Liderança

Por que acreditar na juventude?

Engajados e críticos, jovens podem ser o combustível para a mudança nas empresas. Vamos dar oportunidades a eles?
Content manager na Eureca, onde procura enaltecer a importância da humanização do trabalho, dos jovens talentos e da diversidade nas empresas.

Compartilhar:

O Dia Internacional da Juventude foi celebrado em 12 de agosto. A data foi instituída em 1999 pela Organização das Nações Unidas (ONU), como resultado da Conferência Mundial dos Ministros Responsáveis pelos Jovens, em Lisboa, Portugal.

O principal objetivo da data é promover o papel dos jovens como parte essencial nos processos de mudança e encontrar um espaço que gere consciência sobre os desafios e problemas que eles enfrentam.

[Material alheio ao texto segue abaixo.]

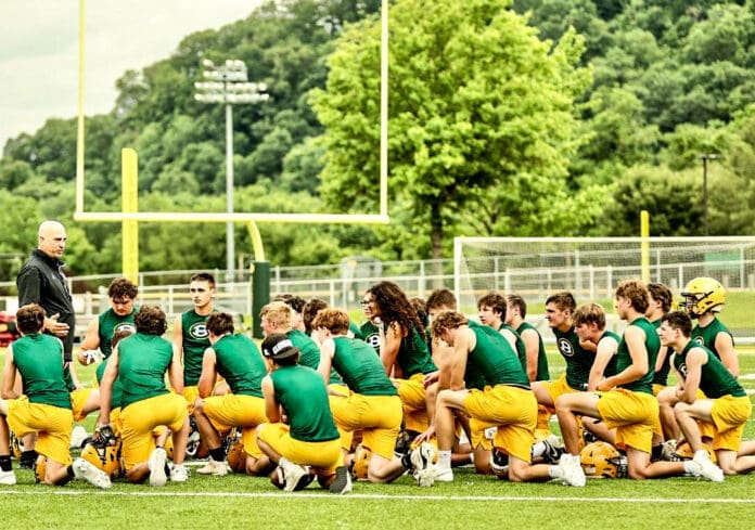 “We had the 50 kids on the high school level, but we also had 45 in middle school, and those numbers are a credit to the hard work Frank and his staff have been doing this summer. It also says a lot about the excitement there is for our football program right now,” he said. “Frank’s roots are here in Brooke County, and everyone is very excited that he’s come home to do what he does best.
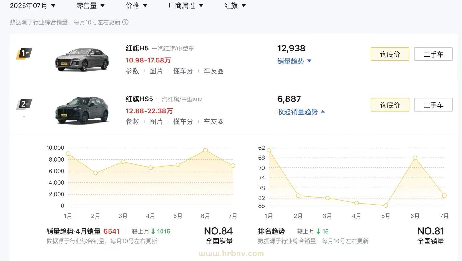 从销量来看,红旗HS5 7月销量为6887辆,相比6月有所下滑,但仍是当月红旗品牌销量第二位车型。这说明HS5的市场基础依然稳固,但也面临着越来越激烈的竞争。随着合资品牌紧凑型SUV价格下探和中型SUV配置升级,红旗HS5需要不断提升自身竞争力。
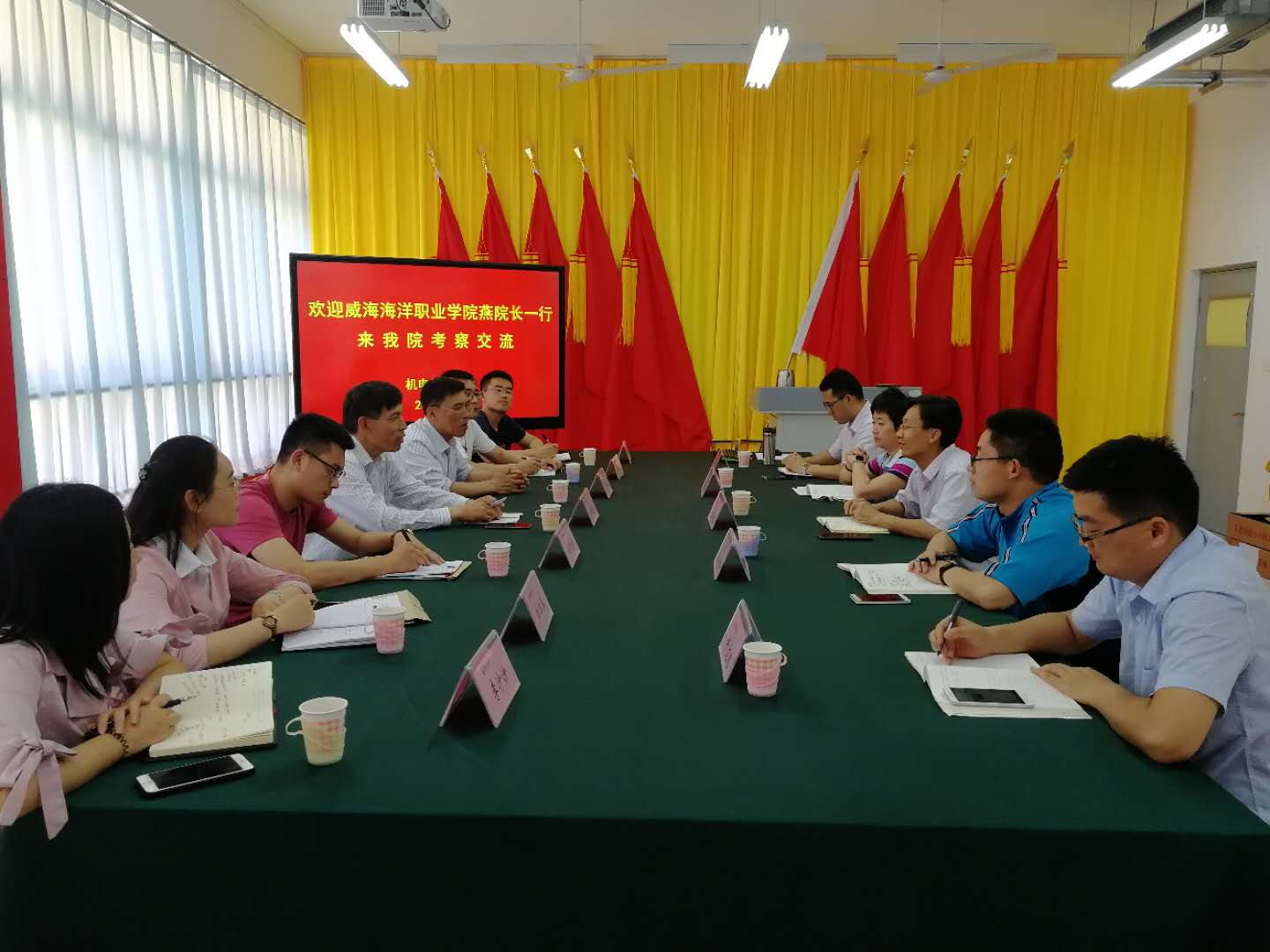 5月29日下午,威海海洋职业学院机电工程系负责人燕居怀教授一行七人到机电工程学院交流考察。
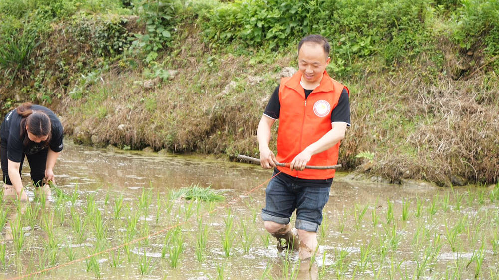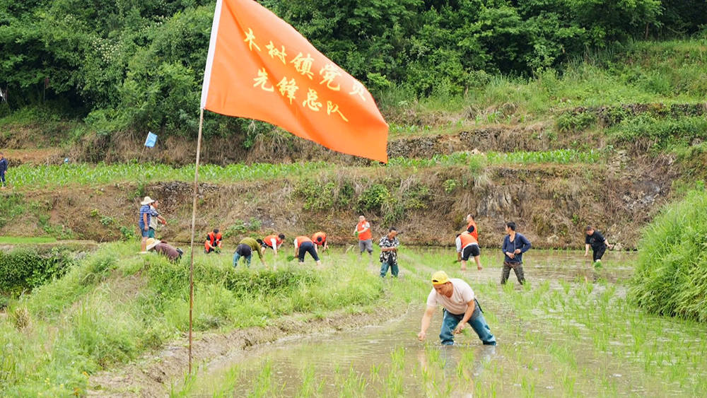 近日,记者来到木树镇潮水村,映入眼帘的便是近300亩的贡米和稻花鱼种养殖示范基地,由木树镇、潮水村部分党员干部、团员和村民组成的服务队正在田里忙碌耕作,一会儿的功夫,错落有致的梯田里就插满了一行行嫩绿的秧苗。
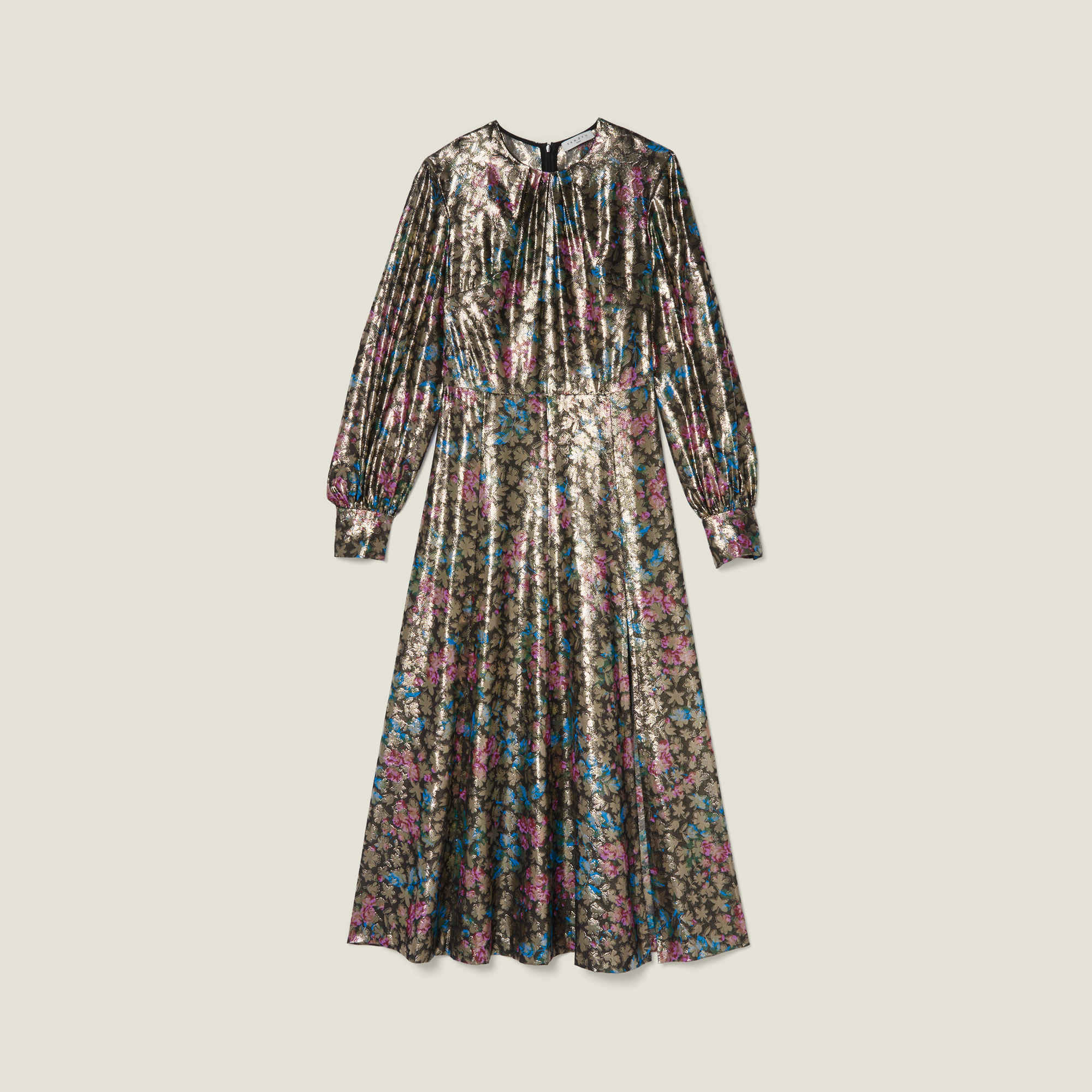 LANGES BUNTES KLEID aus LUREX-JACQUARD Preis: 295,00 EUR via Sandro
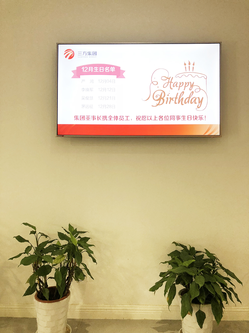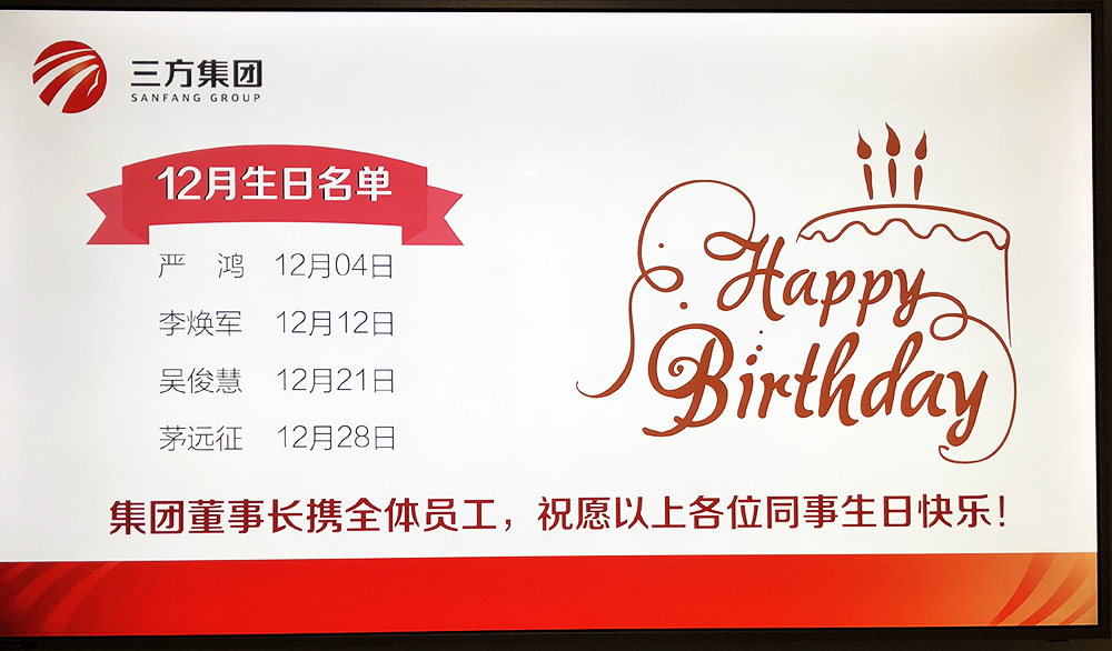 月初,集团办公室的电子屏幕已滚动播放董事长对各位同事的生日祝福。公司的发展离不开每一位员工的辛勤工作,在大家生日到来之际,董事长谨代表公司全体同仁祝福大家生日快乐!感谢大家这些年在自己的工作岗位上兢兢业业为公司作出的贡献,在以后的日子里希望再接再厉,让公司与大家共同成长!
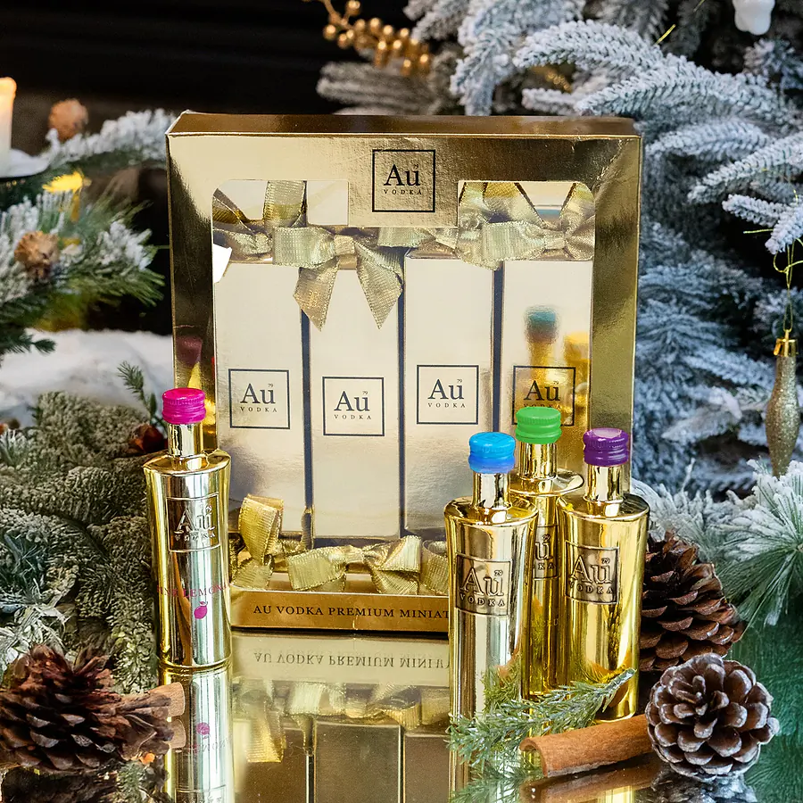 Get in the Christmas spirit with this premium Au Christmas Cracker Set. Featuring four luxury gold Au Christmas Crackers with six of our signature Au Vodka Miniature 5cl bottles packed inside.
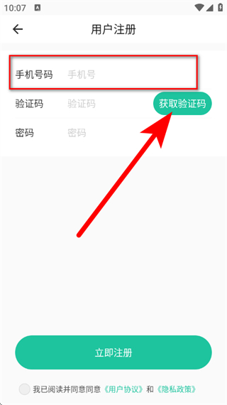 4、在注冊頁面,輸入手機號碼后,點擊獲取驗證碼。
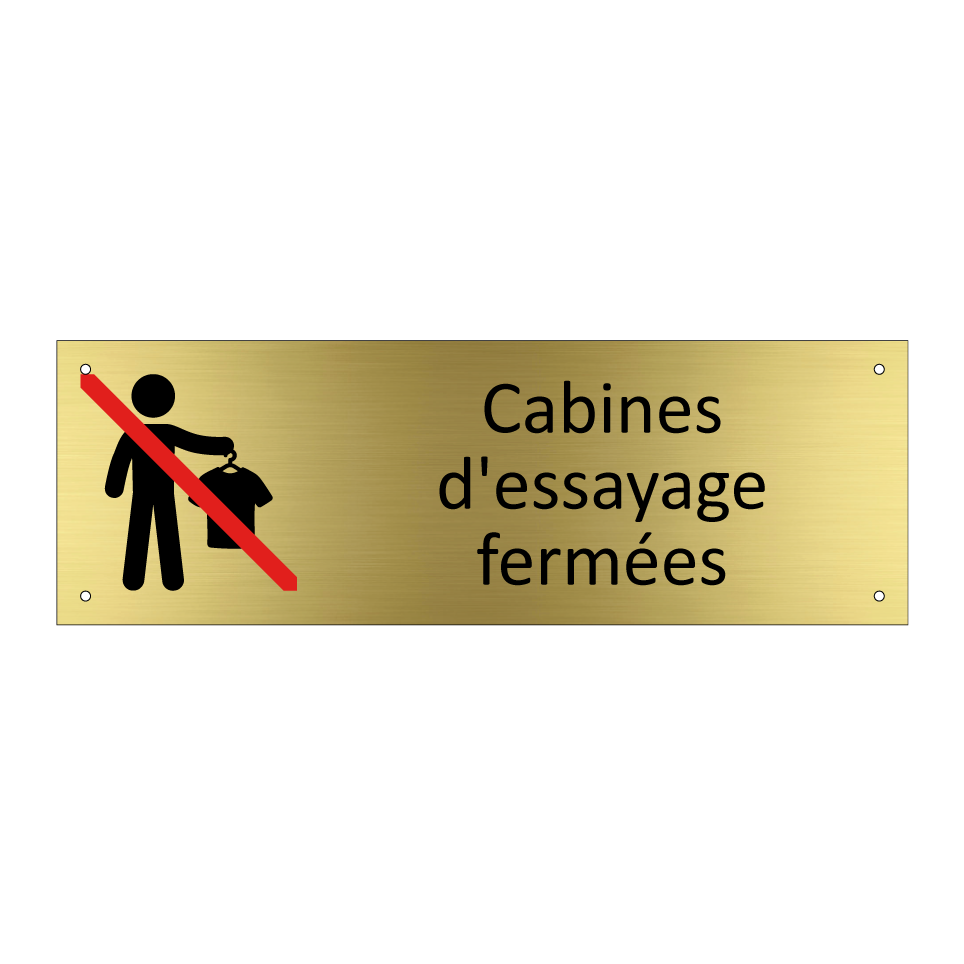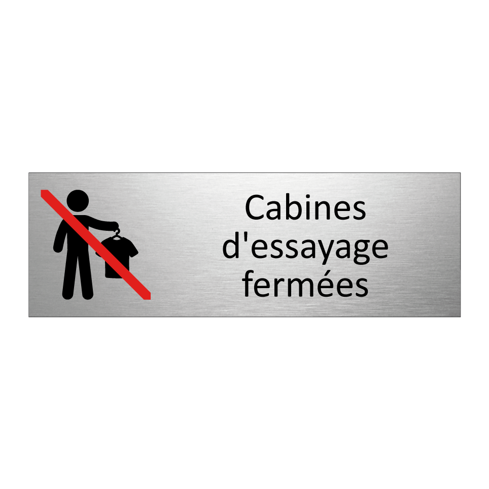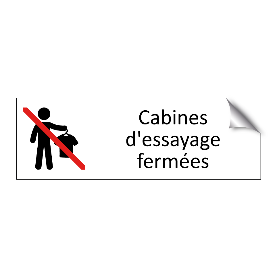 Panneau d'information avec le texte Cabines d'essayage fermées et une symbolique claire pour une meilleure visibilité.

Atualmente, por meio do Programa Mundial de Ação para a Juventude, a ONU incentiva ações políticas e diretrizes que ajudam a apoiar a melhoria da qualidade de vida dos jovens de todo o mundo. A data é uma espécie de pretexto político-pedagógico que ajuda a mobilizar mais pessoas para se sensibilizarem sobre o tema.

Agora que você entendeu a importância do Dia Internacional da Juventude, em homenagem a esse dia, eu levanto o seguinte questionamento: o que a sua empresa está fazendo em prol dos jovens?

## O bônus demográfico

O Brasil está passando por um momento único: estamos no auge do nosso bônus demográfico. O que significa isso? Nunca foi tão baixa a **razão de dependência** no país, que é a relação entre os chamados dependentes (crianças, adolescentes e idosos) e aqueles em idade para trabalhar. Pelo que apontam os estudos, temos até 2035 para aproveitar este cenário positivo.

Ou seja, [temos 15 anos](https://exame.com/economia/por-que-o-brasil-tem-so-15-anos-para-ficar-rico/) para investir em nossa próxima geração de trabalhadores – são **51,3 milhões de jovens, entre 15 e 29 anos**. Após este período, o bônus demográfico não estará mais do nosso lado.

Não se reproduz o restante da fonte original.